I have a 2003 Litespeed Tuscany. There's a little bit of play in the headset (Cane Creek threadless) to frame. I've tried to find some way to tighten this but can't. With the front brake on, I rock back and forth and see and feel the play. Any suggestions?

Thanks,
Tom


----------



## drewmcg (Sep 19, 2005)

from parktool.com:

"Headset Adjustment - Threadless Type
Threadless headsets work on the same principal as threaded headsets. The bearing races need to press against the bearings. The bolt in the top cap will put pressure on the stem, which presses on washers below the stem, which press on the bearing races, which press against the bearings. 
NOTE: The cap and bolt at the top of the stem do not secure the stem onto the steering column. The bolt or bolts on the side of the stem keep the stem from moving once the adjustment is made. The cap is used for bearing adjustment only.

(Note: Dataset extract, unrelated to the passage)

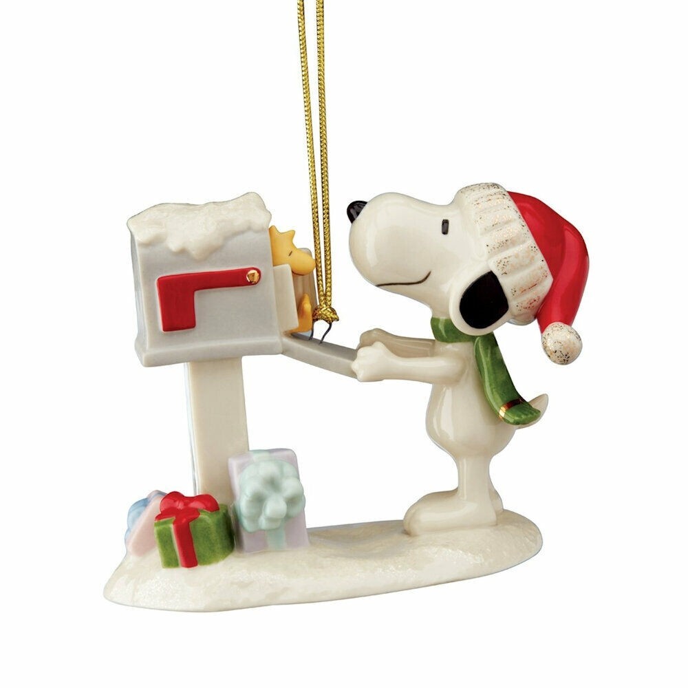 Lenox Peanuts Snoopy's Letter to Santa Ornament Figurine Woodstock Mailbox NEW

Begin by removing the adjusting bolt in the center of the steering column. Next, remove the top cap. There may be a star-shaped nut or other fittings inside the steering column. The bolt threads into this fitting and pulls on the fork against the headset bearing surfaces, which acts to tighten the adjustment. Note the height of the steering column relative to the stem. It should be about 3mm (1/8") below the level of the stem. The stem needs to press down on the spacers in order to adjust the bearings. If the steering column is level with the top of the stem, another spacer is needed below the stem.

Remove bolt and top cap to inspect steering column. Lubricate adjusting bolt and re-install cap and bolt by hand only. DO NOT TIGHTEN.
Loosen stem bolt(s) that secure stem to the steering column. Lubricate these bolts if they are dry. NOTE: DO NOT LUBRICATE INSIDE STEM OR ON STEERING COLUMN SURFACE.
Wiggle the stem side to side to see that it is loose. If the stem is jammed or rusted frozen to the steering column, no adjustment can be made. 
Align stem straight to wheel and gently secure the top bolt. Stop when any resistance is felt.
Tighten stem bolt(s).
Check for play by pulling back and forth on fork. Turn the handlebars in different directions while checking for play. There may be play at this early setting. Use care when grabbing suspension forks, because the legs may have play. Grab upper portion of fork.
To adjust bearings, LOOSEN STEM BOLT(S).
Turn adjusting bolt in center cap only 1/8th turn clockwise.
Secure stem bolts, check for play again. 
Repeat adjustments as above until play disappears. Remember to loosen stem bolts before turning adjusting bolt in cap.
Check alignment of stem and tighten stem binder bolts fully.
NOTE: Another test of play is to place the bike on ground and grab the front brake tightly. Press downward on the handlebars and rock the bike forward and back. A knocking sensation may indicate a loose headset. In effect this does the same thing as grabbing and pulling on the fork. However, play in the brake caliper arms may also cause a knocking. Front suspension forks may also have play in the legs, which can cause a knocking.If the adjustment seems very tight, there may be other problems in the headset. Bearing surfaces may be worn out, or the ball bearing retainers may be upside down, or a seal may be improperly aligned. If play always seems present no matter the adjustment, the steering column may be too long for the stem and top cap. Add spacers beneath stem in this case."


----------



## QuiQuaeQuod (Jan 24, 2003)

Ditto the park.

If you want to test the headset by brakes/rocking, turn the front wheel 90 degrees. That will eliminate brake play from the equation. Just make sure the quick release is tight.


----------



## C-40 (Feb 4, 2004)

*one problem...*

Park's advice is not always the best. Clamping the front brake and rocking the bike works to some extent on older style caged-ball conventional headsets, but it's worthless with angular contact, cartridge bearing headsets, like the one on the Litespeed.

Integrated headsets need a significant preload tension to work properly. The top cap can be tightened to the same tension that might be used with a conventional headset and show no play when rocking the bike with the front brake clamped. Upon riding the bike however, you'll get obvious headset noise, described as a pop, snap or thwack, anytime you hit a significant mismatch in the pavement. This means the headset is loose and the lower bearing is beating up the bearing race. An integrated headset needs to be tightened enough to cause some additional drag as the frok is turned, then the top cap bolt back out just enough to allow free movement (1/8 to 1/4 turn at most). 

The OP also needs to know that riding the bike with the headset loose for very long may have ruined the lower bearing seat. If it's removeable, it's pretty easy to replace. If not, the headtube needs to be recut to restore the 45 degree seat for the cartridge bearing.


----------